Military 'vulnerable to cyber risk'

East London and West Essex Guardian Series: The Global Operations Security Control Centre, which is responsible for protecting the military's networks worldwide from cyber attacks The Global Operations Security Control Centre, which is responsible for protecting the military's networks worldwide from cyber attacks

The armed forces are now so dependent on information technology that their ability to operate could be "fatally compromised" by a sustained cyber attack, MPs have warned.

The Commons Defence Committee said the cyber threat to UK security had the ability to evolve at "almost unimaginable speed" and questioned whether the Government had the capacity to deal with it.

It called on ministers to take a more hands-on approach to ensure proper contingency plans were in place.

The committee heard evidence that entire combat units, such as aircraft and warships, could be rendered completely dysfunctional by a cyber attack. Experts warned an enemy could seek to target radar or satellites to create a "deceptive picture" in the military command structure while the increased use of unmanned drones and battlefield robots potentially added to the vulnerability.

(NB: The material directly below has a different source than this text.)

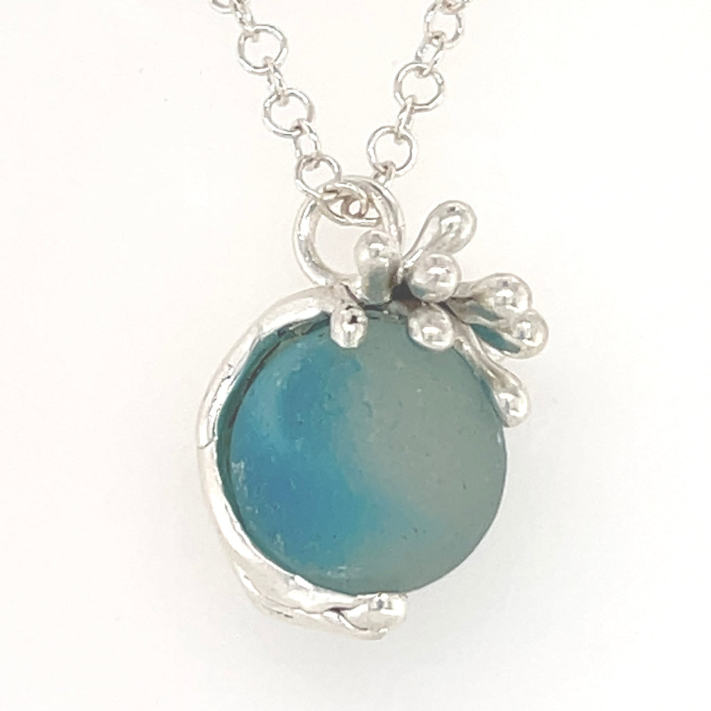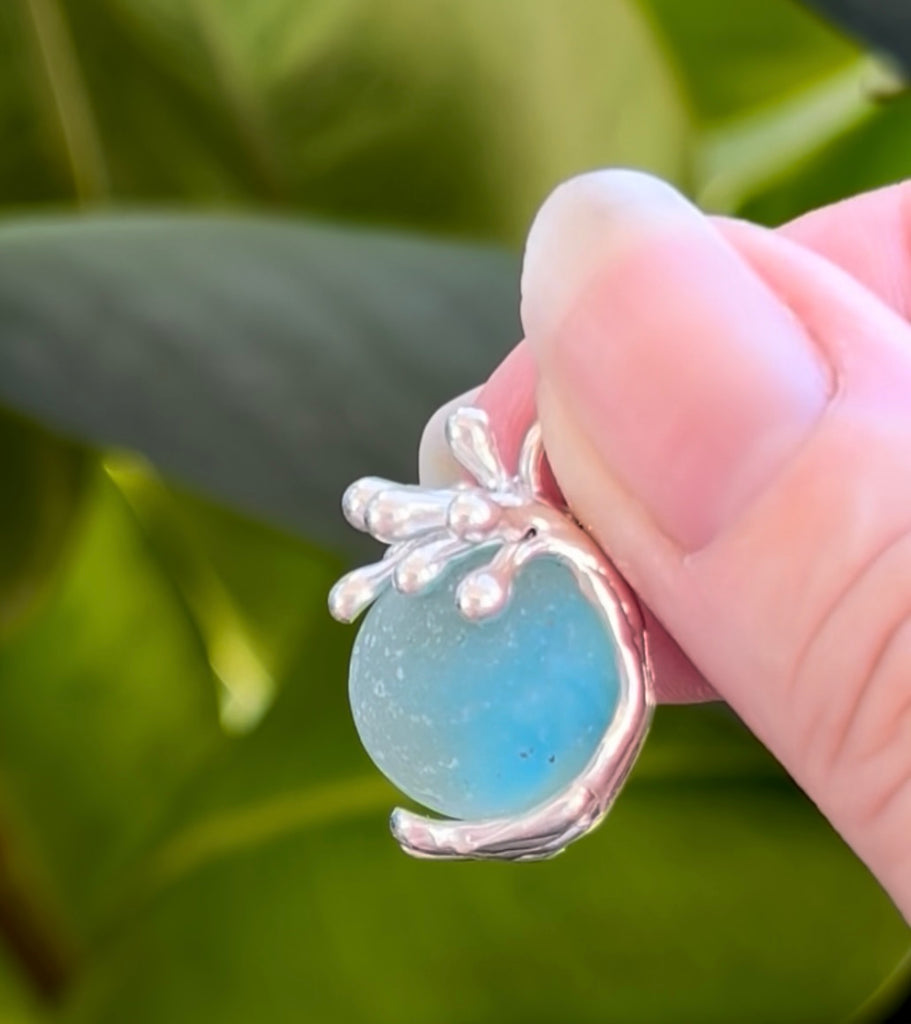 Bring some fun into your day with this aqua cat’s eye sea glass marble that actually spins inside it’s one-of-a-kind sterling silver splashing wave. (pendant diameter: 3/4" x 7/8"). If you go to my Instagram page @ingridlynchseaglassjewelry you’ll find a video showing how the marble spins inside its splashing wave. *marble on the model is to show how it sits

"The evidence we received leaves us concerned that with the armed forces now so dependent on information and communications technology, should such systems suffer a sustained cyber attack, their ability to operate could be fatally compromised," the committee said.

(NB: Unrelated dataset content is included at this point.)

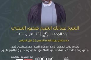أكمل القراءة »المجلس الحسيني الاسبوعي – الشيخ عبدالله الشيخ منصور الستري يمكنكم متابعة المجل…

"Given the inevitable inadequacy of the measures available to protect against a constantly changing and evolving threat ... it is not enough for the armed forces to do their best to prevent an effective attack. In its response to this report the Government should set out details of the contingency plans it has in place should such an attack occur. If it has none, it should say so - and urgently create some."

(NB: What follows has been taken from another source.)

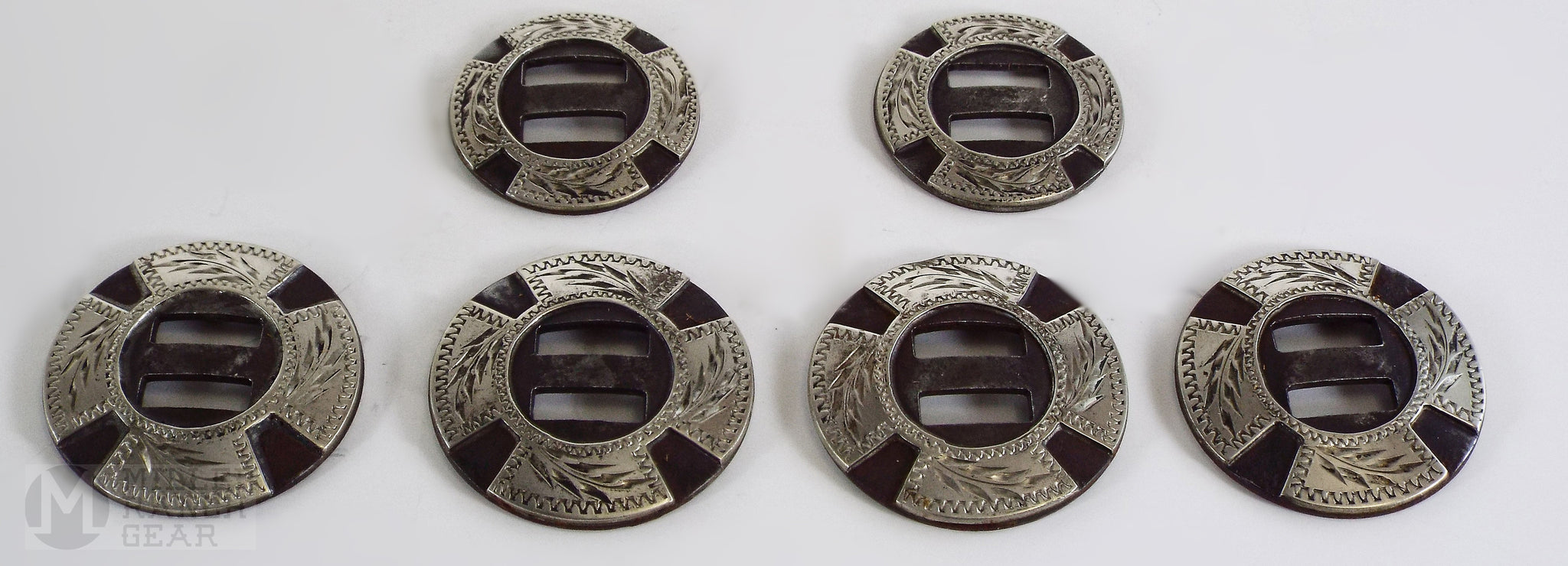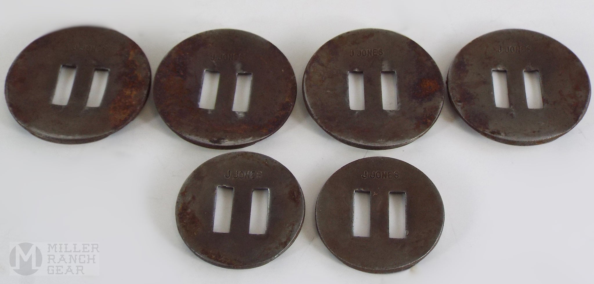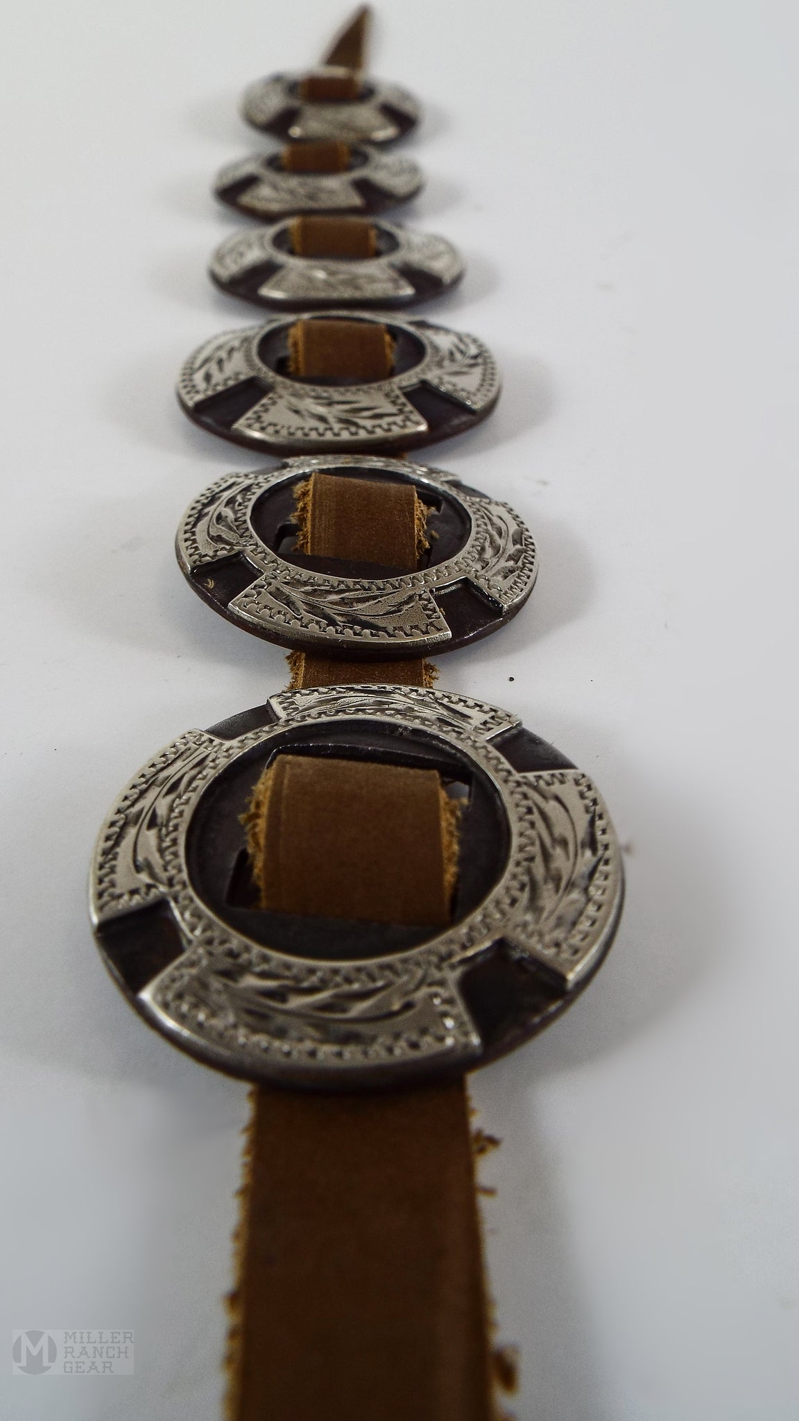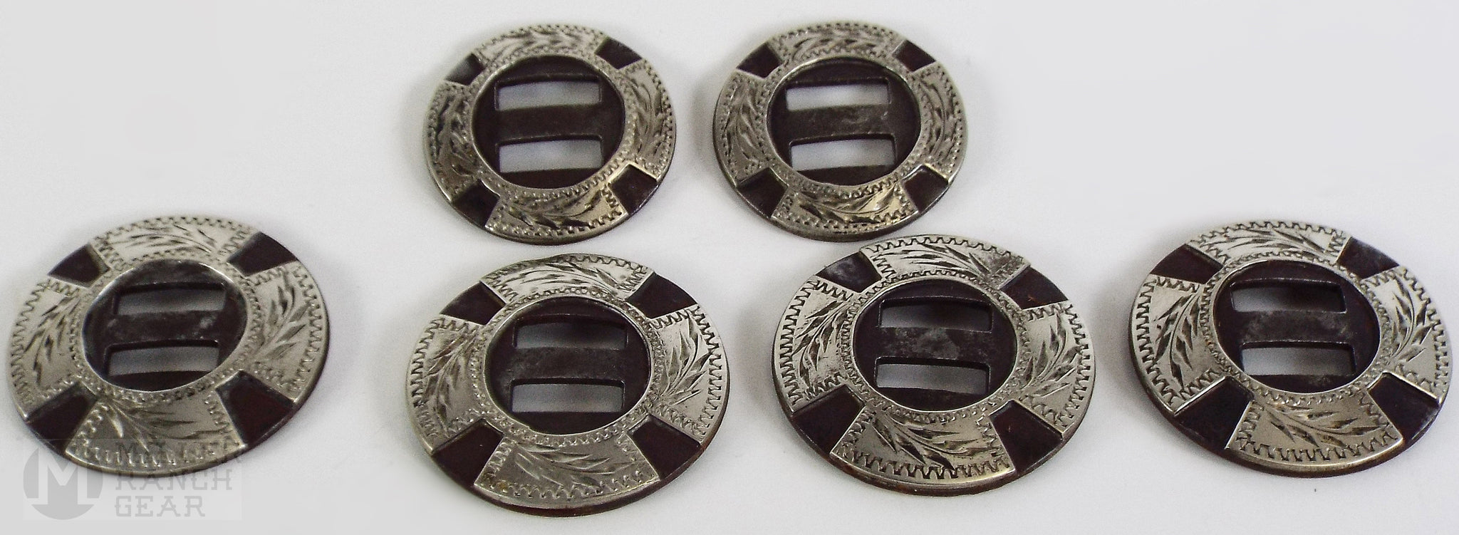 This is a slightly used set of Jayson Jones slotted conchos. There are four 1.5 inch and two 1.25 inch conchos. This set is steel mounted in silver with western wheat stalk engraving. The slots are .5 inch. The silver is in great shape and the steel has a light natural patina. Jayson is an outstanding maker out of Quanah, TX and these carry his older mark.

The committee accused ministers of "complacency" over the failure to develop rules of engagement covering the military response to a cyber attack on the UK.

"Events in cyberspace happen at great speed. There will not be time, in the midst of a major international incident, to develop doctrine, rules of engagement or internationally-accepted norms of behaviour," it said. "There is clearly still much work to be done on determining what type or extent of cyber attack would warrant a military response."

Defence Minister Andrew Murrison rejected accusations of complacency, saying the Government was investing £650 million over four years in the national cyber security strategy programme.

Shadow defence secretary Jim Murphy said: "This report is worrying. The Government stand accused of complacency and lacking contingency planning. Policy progress is falling behind the pace of the threat our armed forces face."